I think an exploration of imagination and an understanding of empathy are fundamental to our ability to better appreciate the wide range of human experience. The latter emotion, as Martha Nussbaum and others have noted, needs to be distinguished from a family of related emotions that include mercy, pity, sympathy, and (especially) compassion (See Nussbaum's Upheavals of Thought: The Intelligence of Emotions, 2001, for a lucid analysis). And of course it is not just about experience simpliciter, but coming to understand the often quite different constellations of beliefs, values, symbols, and activities of others.
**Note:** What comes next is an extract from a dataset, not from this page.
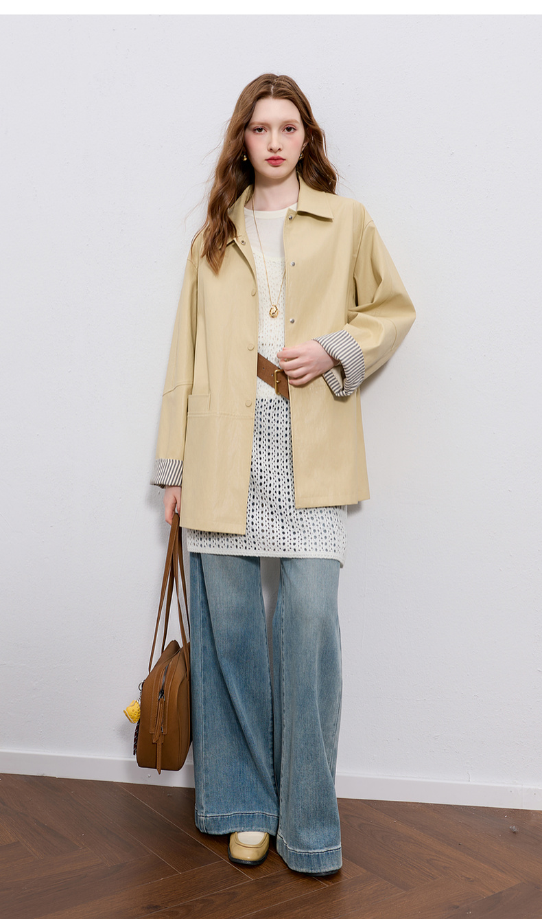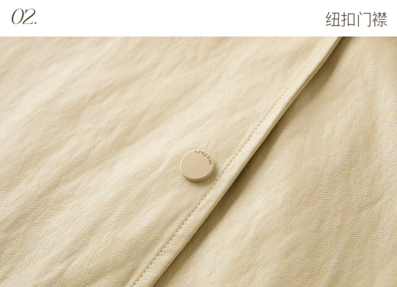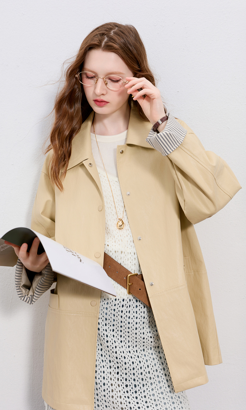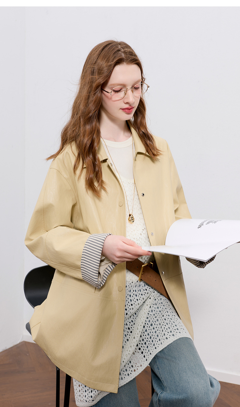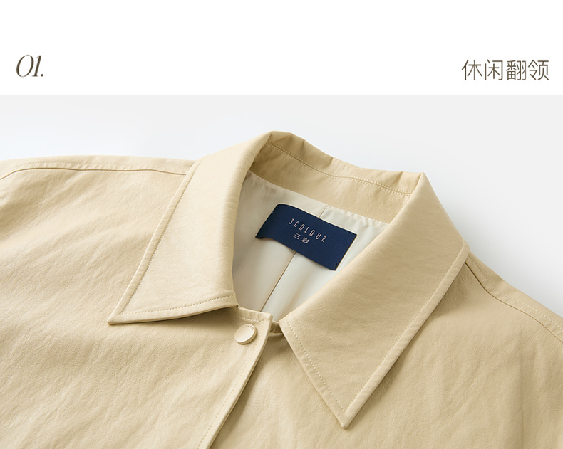 三彩2025秋季新款皮衣PU皮外套休闲翻领落肩袖宽松中长开衫M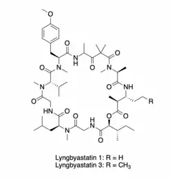 - ↑ Williams, Philip G.; Moore, Richard E.; Paul, Valerie J. (2003-10-01). "Isolation and Structure Determination of Lyngbyastatin 3, a Lyngbyastatin 1 Homologue from the Marine Cyanobacterium Lyngbya m ajuscula. Determination of the Configuration of the 4-Amino-2,2-dimethyl-3-oxopentanoic Acid Unit in Majusculamide C, Dolastatin 12, Lyngbyastatin 1, and Lyngbyastatin 3 from Cyanobacteria". Journal of Natural Products. 66 (10): 1356–1363. Bibcode:2003JNAtP..66.1356W. doi:10.1021/np0302145. ISSN 0163-3864. PMID 14575437.

This, at least in the first instance, may require that we "bracket" our particular assumptions, feelings, and attitudes, withhold, in other words, external judgment so as to enhance the possibility that we will better come to understand the other's worldview. Of course this enterprise in part describes what social sciences like anthropology and sociology (and my field of training, Religious Studies) aim to accomplish, what Ninian Smart called "informed or structured empathy whereby we travel into the minds of other people." Permit me to quote further from Ninian on celebrating the "glory of empathy:"
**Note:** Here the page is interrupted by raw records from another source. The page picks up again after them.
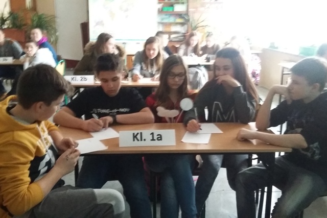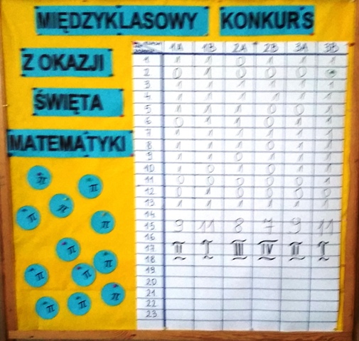 W Polsce pierwsze obchody Dnia Matematyki odbyły się 12 marca 2014 roku z inicjatywy Stowarzyszenia Doskonalenia i Rozwoju 4improve i wzięło w nich udział ponad 100 szkół z całej Polski. Nasza szkoła bierze aktywny udział w obchodach Święta Matematyki zachęcając uczniów do Międzyklasowego Konkursu Matematycznego w formie quizu. W tym roku klasy 1-3 publicznego gimnazjum reprezntowane były przez ochotników. Klasę 1a reprezentowali uczniowie: Paulina Sytnik, Piotr Romanowski, Michał Zagrobelny, Wojciech Woźniak, Wiktoria Klakurka. Klase 1b reprezentowali ochotnicy: Joanna Wiatrowska, Filip Gałęzki, Weronika Kowalcze, Rafał Mroczka i Barbara Stefanik. Klase 2a reprezentowały dwie uczennice: Martyna Pawłowska i Angelika Obacz. Klasę 2b równiez dwie uczennice: Sandra Lipka i Martyna Stefanik. Klase 3a reprezentowałi uczniowie: Kamila Kadłubowska, Magdalena Zalewska, Paulina Farganus i Piotr Zalewski. Klase 3b reprezentowali uczniowie: Kinga Jastrzębska, Kacper Razik, Zbigniew Kuziemski, Kamila Hankus i Urszula Golonka. Wszyscy uczniowie dzielnie walczyli. Ostatecznie zwyciężyli uczniowie klasy 1b i 3b zdobywając 11 punktów, za nimi na miejscu II znalazły się klasy 1a i 3a uzyskując 9 punktów, III miejsce zajęła klasa 2a zdobywając 8 punktów, a miejsce IV przypadło klasie 2b, która uzyskała 7 punktów. Uczniowie otrzymali dyplomy dla swoich klas oraz słodki poczęstunek. Wszystkim serdecznie gratulujemy!!!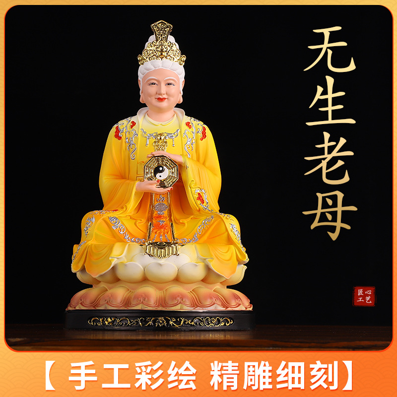 現物彩色絵樹脂無生老母瑶池金母神像置物道家山老母聖母家庭用供養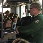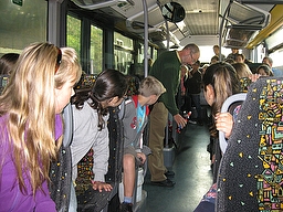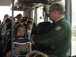Unsere Frischlinge hatten heute (28.09.2011) ein „Life-Bustraining“. Herr Mehl von der Polizei und Frau Theelen vom Busunternehmen Hillmann kamen mit einem Bus zu Schule und haben den SchülerInnen klar gemacht, was passieren kann, wenn man sich an der Bushaltestelle und im Bus nicht ordentlich verhält. Vorher hatten die KlassenlehrerInnen Frau Altenrath, Frau Brenner, Frau Roller und Herr Hetzer im Unterricht die Theorie für die Busschule gebüffelt. Unsere Sozialpädagogin Frau Thoneik war auch dabei.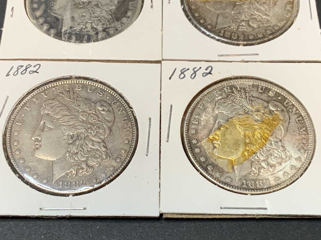 Four (4) 1882 Morgan Silver Dollars 3-P 1-S
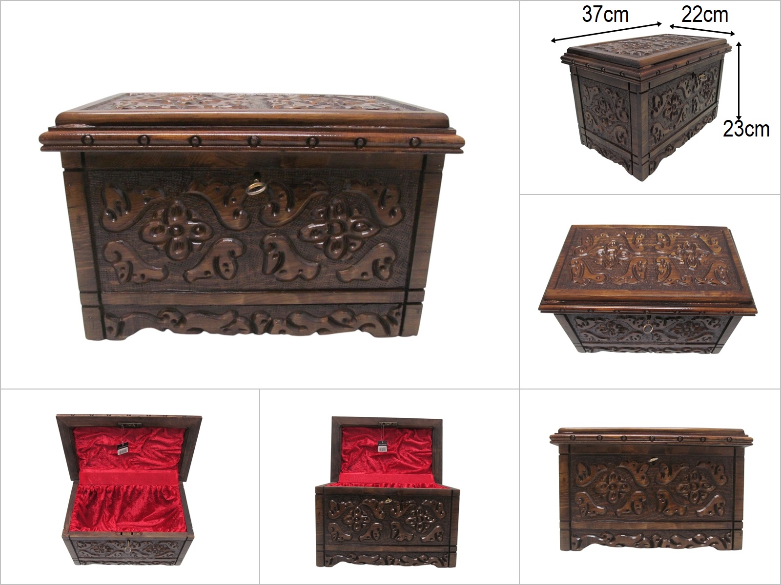 sd50746 dekoratif kilitli ceviz ağacı oyma sandık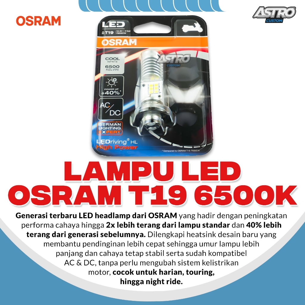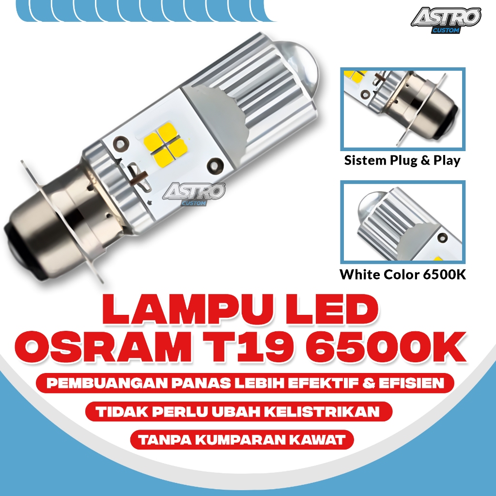 Osram LED White Lampu Utama Motor Vario 125 150 PCX ADV Beat Scoopy Revo T19 6500 K AC/DC Universal

"To see the world through another person's eyes: is this not a noble task? For a boy to know something of what it is like to be a girl, for a lover to see herself through the eyes of *her* lover, to see the problems of one's mother-in-law, to imagine what it is like to be a starving Ethiopian or a Tamil, to conceive the thought world of the ordinary Russian or Romanian or Italiam--all these are fine exercises of human imagination, and very practical too. But how much effort is put into these mental and emotional migrations by our educational systems? Literature and drama do it somewhat, which is why both should be encouraged as part of the crosscultural study of religion. But very often we are pressed to reaffirm *our* values, *our* history, *our* religion (whatever that is), *our* worldview; and politically is is sometimes very hard to achieve migrations into the worlds of the other."

Please see the extended treatment of this topic in Smart's Religion and the Western Mind (1987).

So refreshing to see these concepts drawn together. You USE the concept you are describing by bringing all these things together.

I feel very lobster-like as I read it!

Great post -- it strongly reminded me of the moral imagination, which might be appropriate for the next Lexicon entry.